-- Opening Marker --

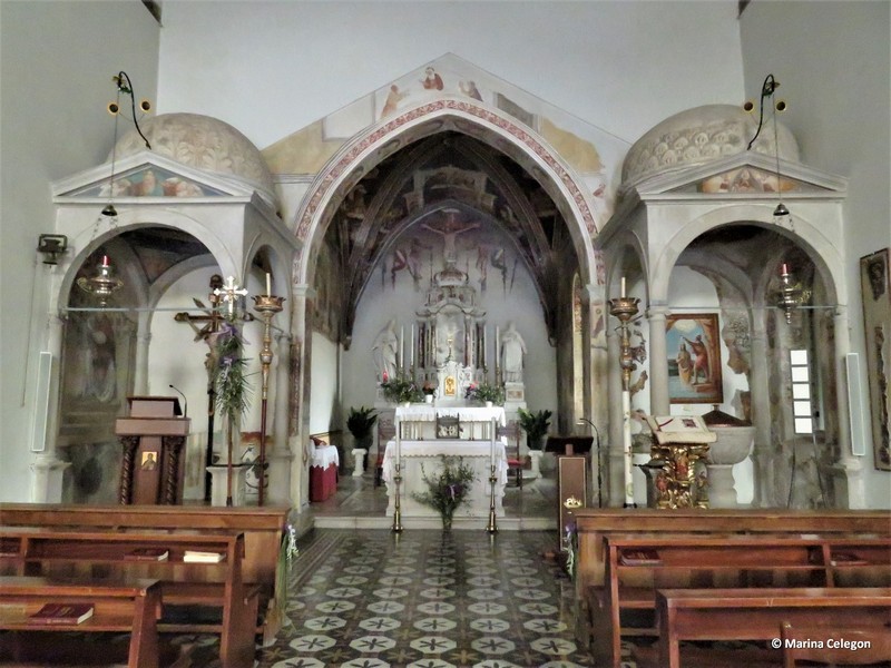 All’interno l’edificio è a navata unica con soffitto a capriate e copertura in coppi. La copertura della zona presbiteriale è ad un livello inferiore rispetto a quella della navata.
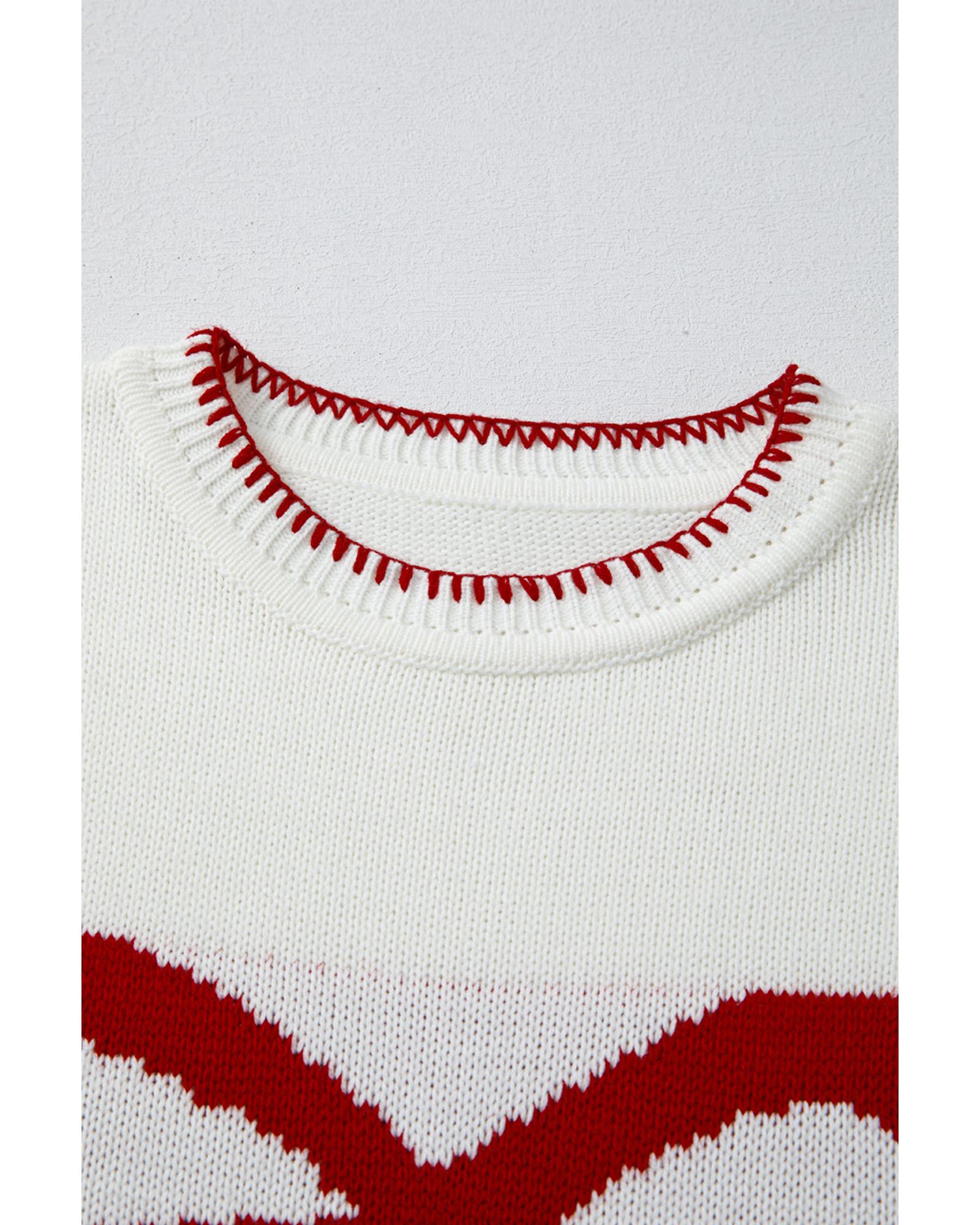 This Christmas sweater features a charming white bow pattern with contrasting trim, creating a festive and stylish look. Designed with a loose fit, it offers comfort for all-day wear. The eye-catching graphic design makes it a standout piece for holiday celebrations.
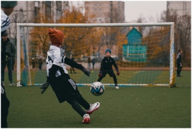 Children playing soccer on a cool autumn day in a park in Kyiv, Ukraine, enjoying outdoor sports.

-- Closing Marker --
-- Opening Marker --

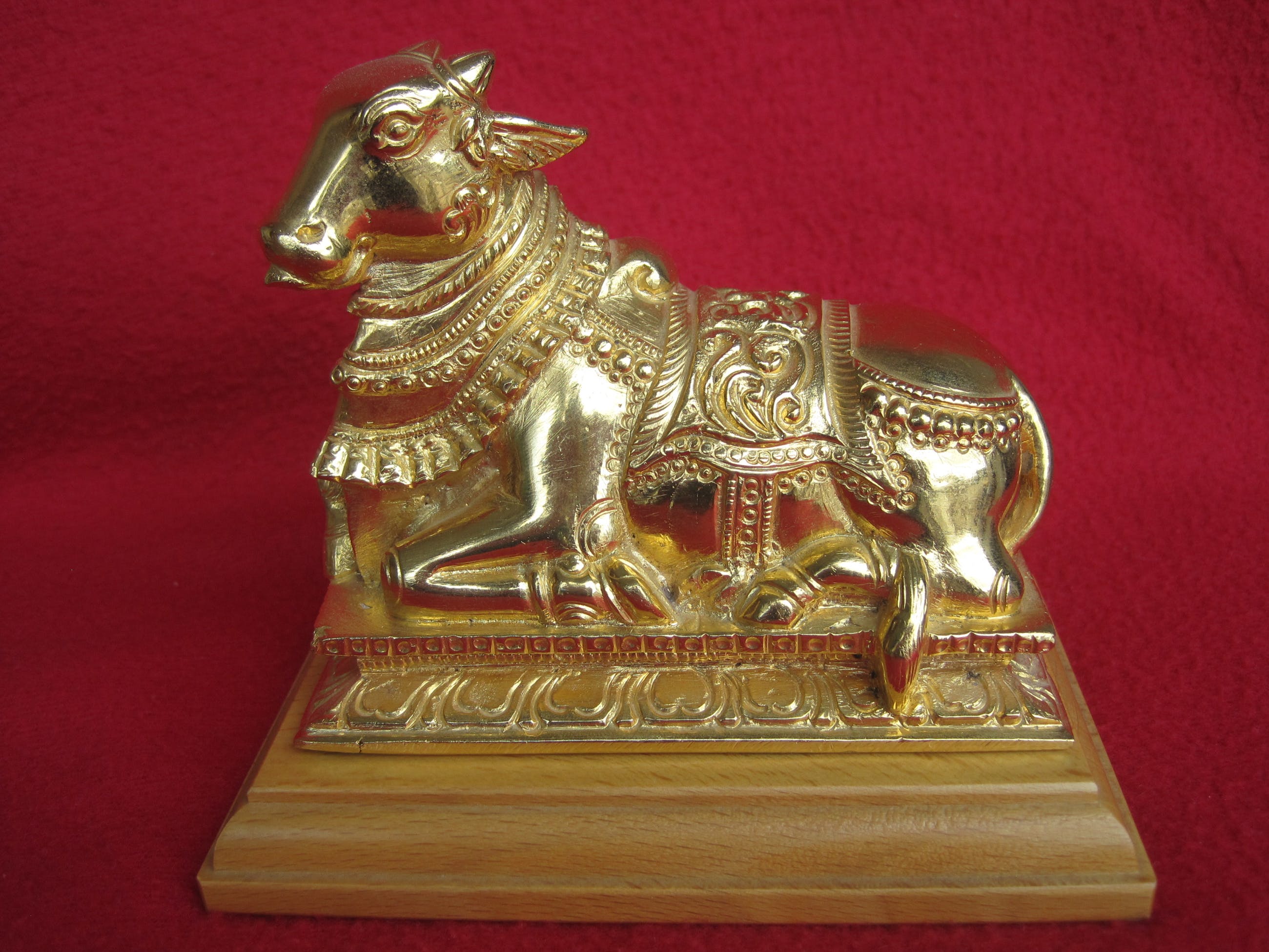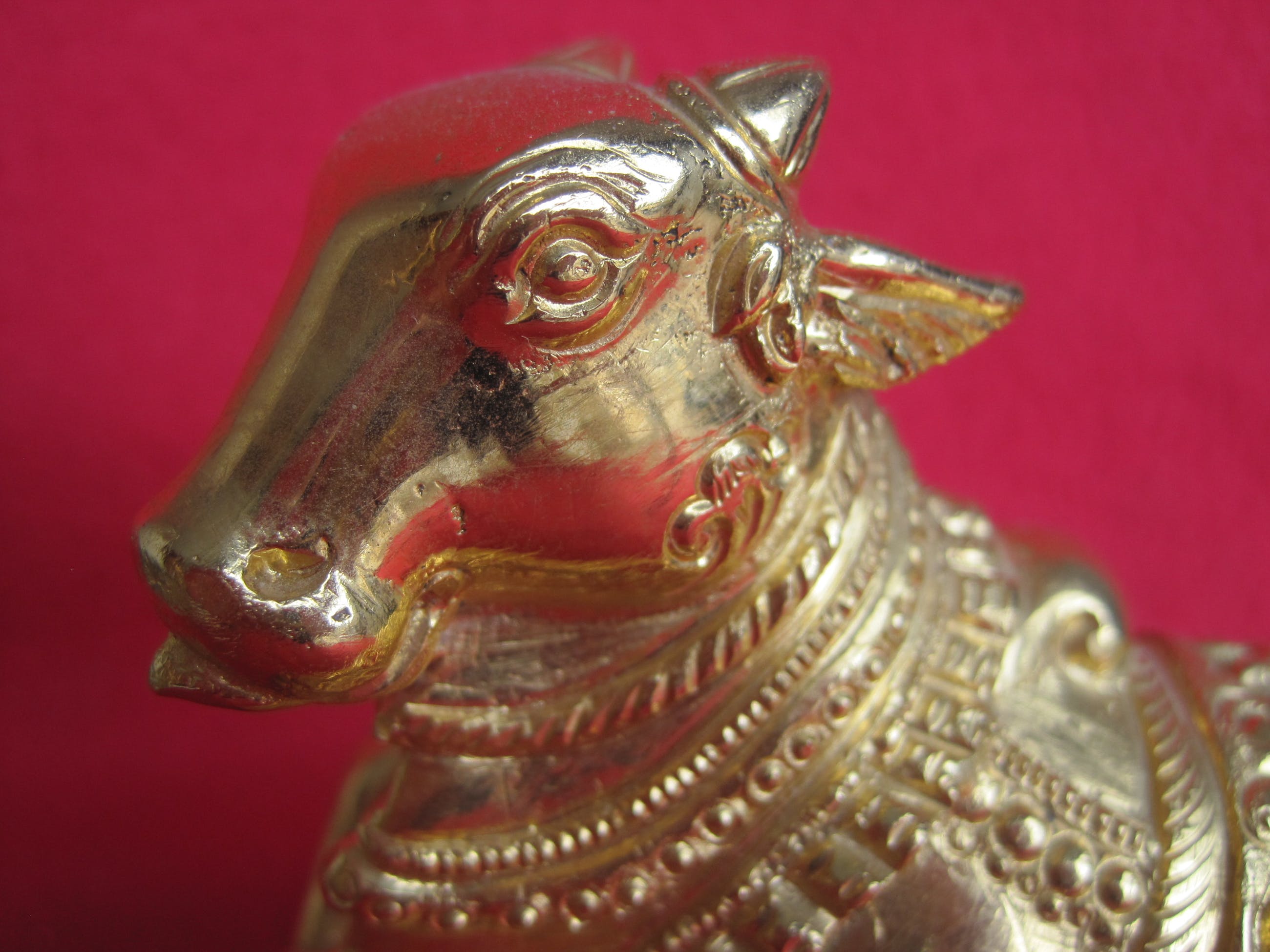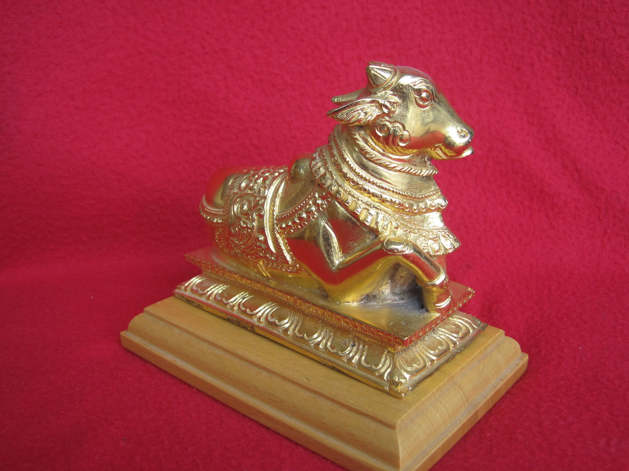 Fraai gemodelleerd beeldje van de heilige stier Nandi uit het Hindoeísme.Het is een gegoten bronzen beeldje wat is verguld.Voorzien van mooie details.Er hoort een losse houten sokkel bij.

-- Closing Marker --

Using the listing above, reproduce word for word every line from the one containing "All’interno l’edificio è" through the one containing "Children playing soccer". Pictures must be left out.

 All’interno l’edificio è a navata unica con soffitto a capriate e copertura in coppi. La copertura della zona presbiteriale è ad un livello inferiore rispetto a quella della navata.
 This Christmas sweater features a charming white bow pattern with contrasting trim, creating a festive and stylish look. Designed with a loose fit, it offers comfort for all-day wear. The eye-catching graphic design makes it a standout piece for holiday celebrations.
 Children playing soccer on a cool autumn day in a park in Kyiv, Ukraine, enjoying outdoor sports.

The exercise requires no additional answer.